Of course, there is more to safety than just ventilation and emergency evacuation routes. We also went over their compliance with our other criteria of not using child labor, facilitating reasonable work hours, paying fair wages, providing time off, and ensuring legal compliance with labor, pollution and export laws. We were able to review time-off requests and payroll records; including punch records, and government inspection reports. We received affidavits of no child labor.
Overall, we were really heartened by the way our vendors opened up their operations to our site inspections. We have always striven to work with world-class firms. We want to provide the best gemstones to our customers. What we did not initially understand was how excited our suppliers would be to show us what they do, and how well they do it.
I hope this report is helpful to Rio Grande’s customers. We run Rio Grande through our stated principles. You can read more about our principles here. By giving you a glimpse behind the scenes, we hope to assure you that the gemstones sourced by Rio Grande are ethically cut.
Recently Rio Grande has been concentrating on finding out more about where the gemstone rough was actually mined. This is a complex subject, and is still a work-in-progress. Since Rio Grande does not typically buy rough gemstones, we do not always know the mine or the miners who dug the gem crystals out of the earth.
However, our recent American Mined program does trace the gems back to a specific mine. For now, we are concentrating on gems mined in America. But we hope to better know and share all sourcing information regardless of where in the world the source mine is located.
We are asking our supplying cutters to tell us from which mines they buy. Whenever possible we are told, but sometimes a rough dealer sits between the miner and the cutter, so we sometimes are unsure of the provenance of a gem material.

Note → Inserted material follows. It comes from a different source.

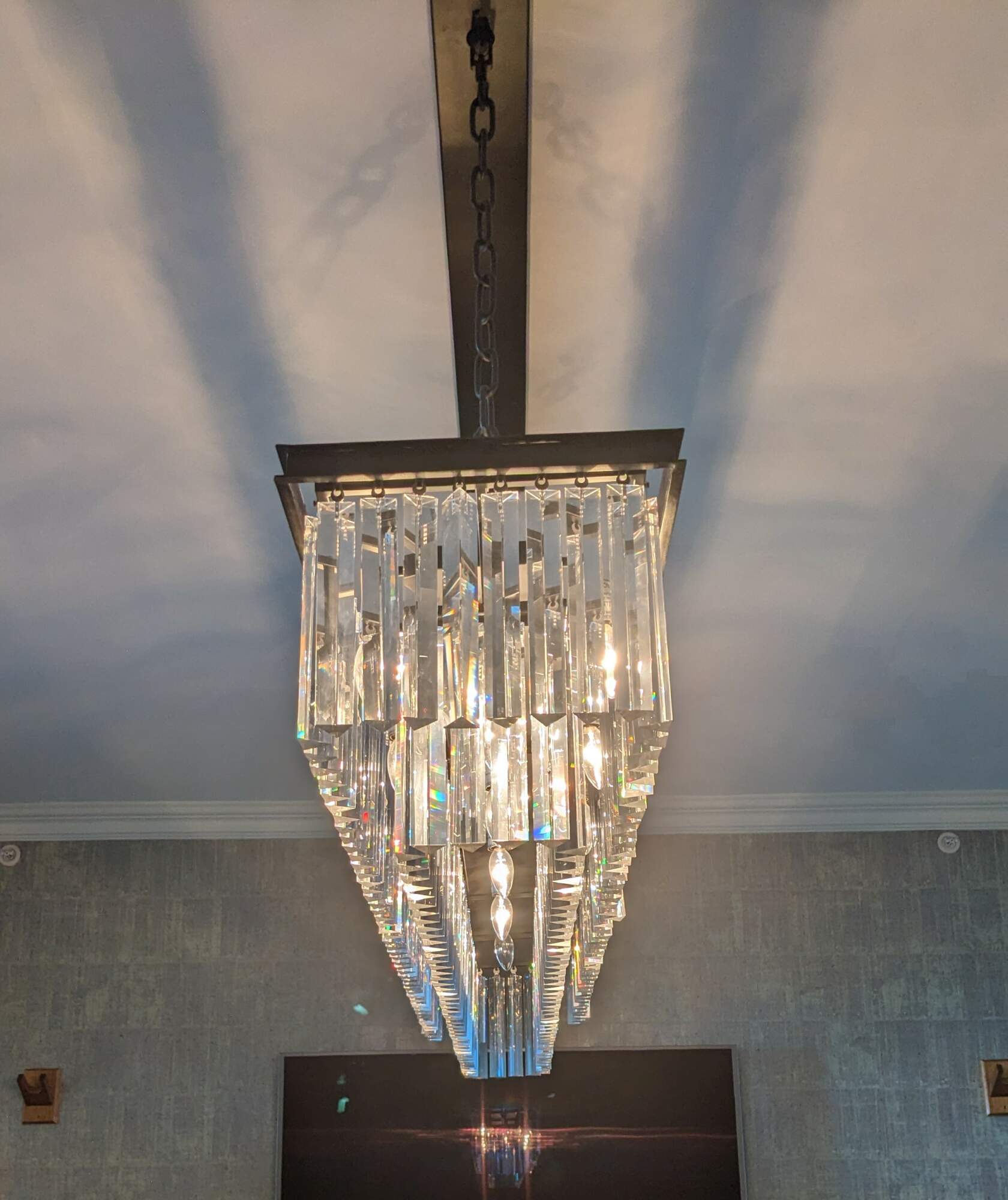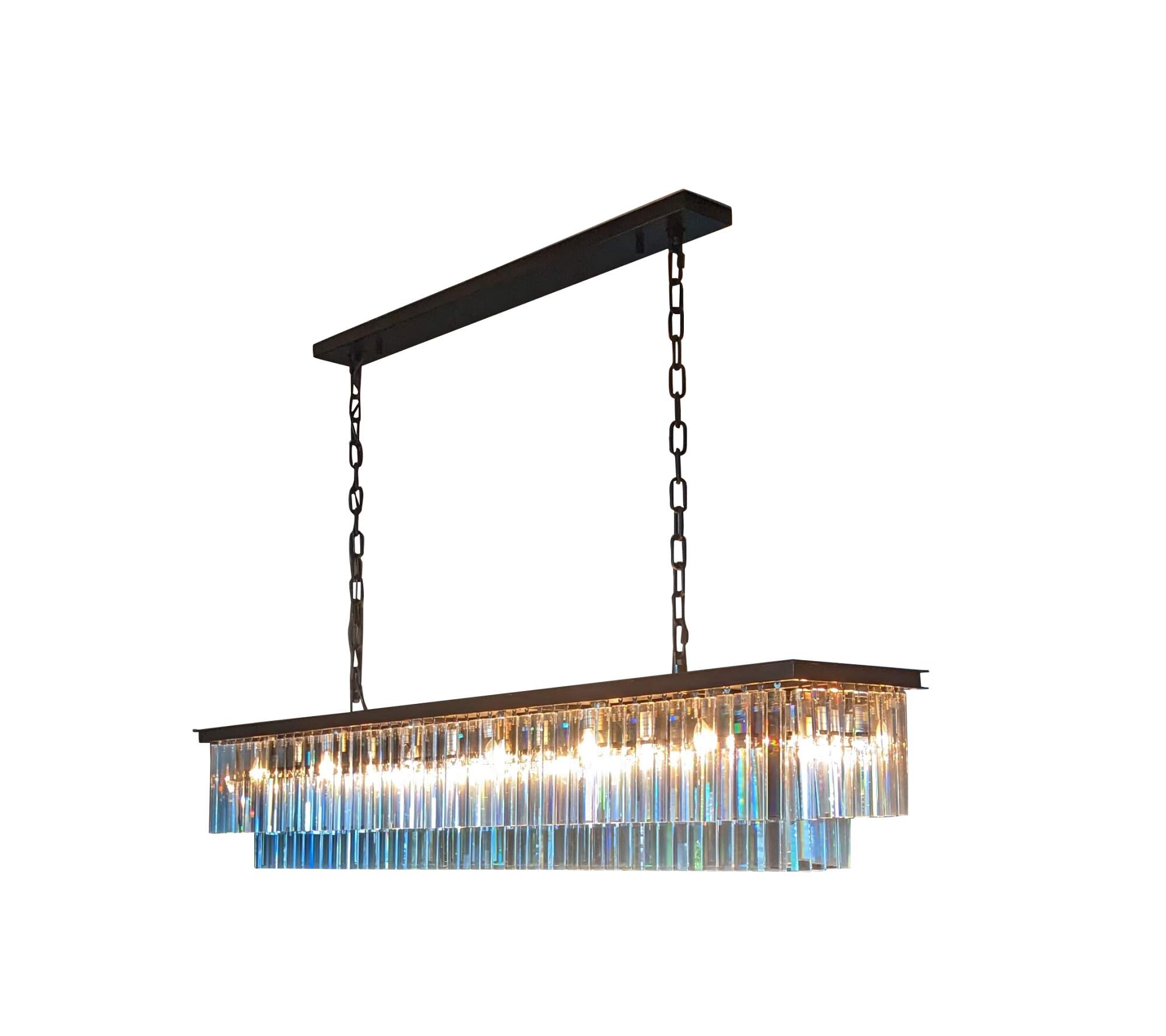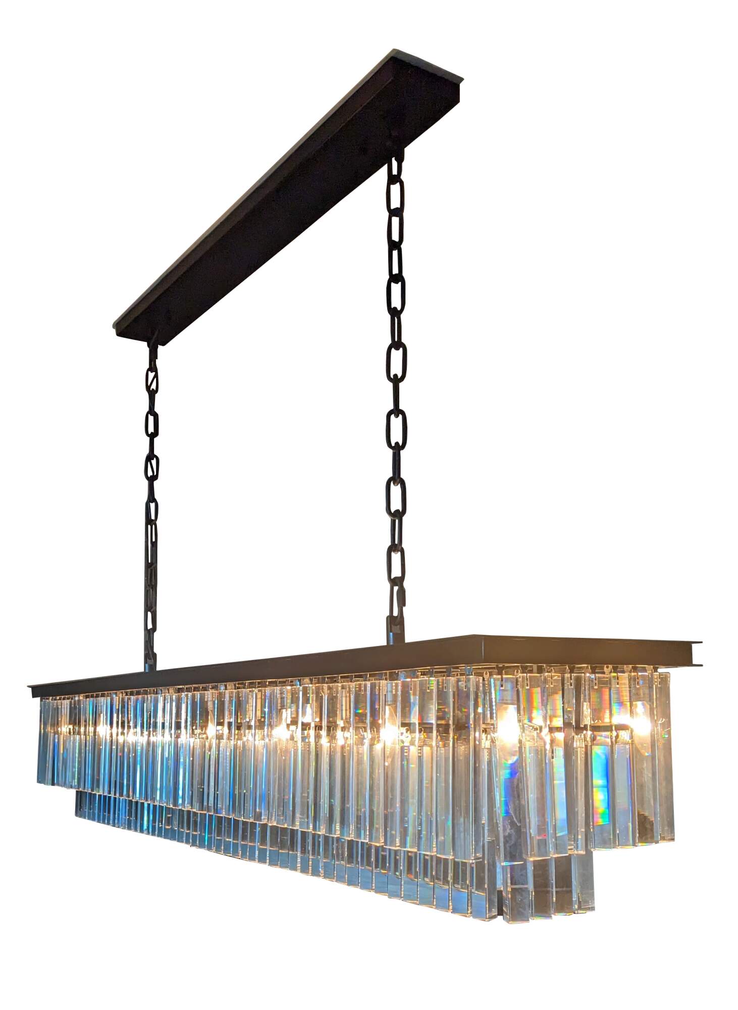 Inspired by the Art Deco style of 1920s Paris, our collection from Timothy Oulton captures the period's fascination with geometric forms. Masterfully refracting the light, hundreds of faceted, dynamic prisms evoke the allure of the era. Hanging like lush fringe from a welded iron frame, the angular glass juxtaposes elegance and industrialism. MSRP $8,715.

Rio Grande is committed to conducting an ethical gemstone business. We demonstrate that in our day-to-day operations, and by joining other like-minded firms in trade associations. Rio Grande is a member of AGTA, ICA (International Colored Stone Association) and RJC. We attend and participate in industry events and panels. We are committed to helping foster an environment where every gemstone worker works under humane conditions and has a decent wage while they produce the wonders from the earth that we all love.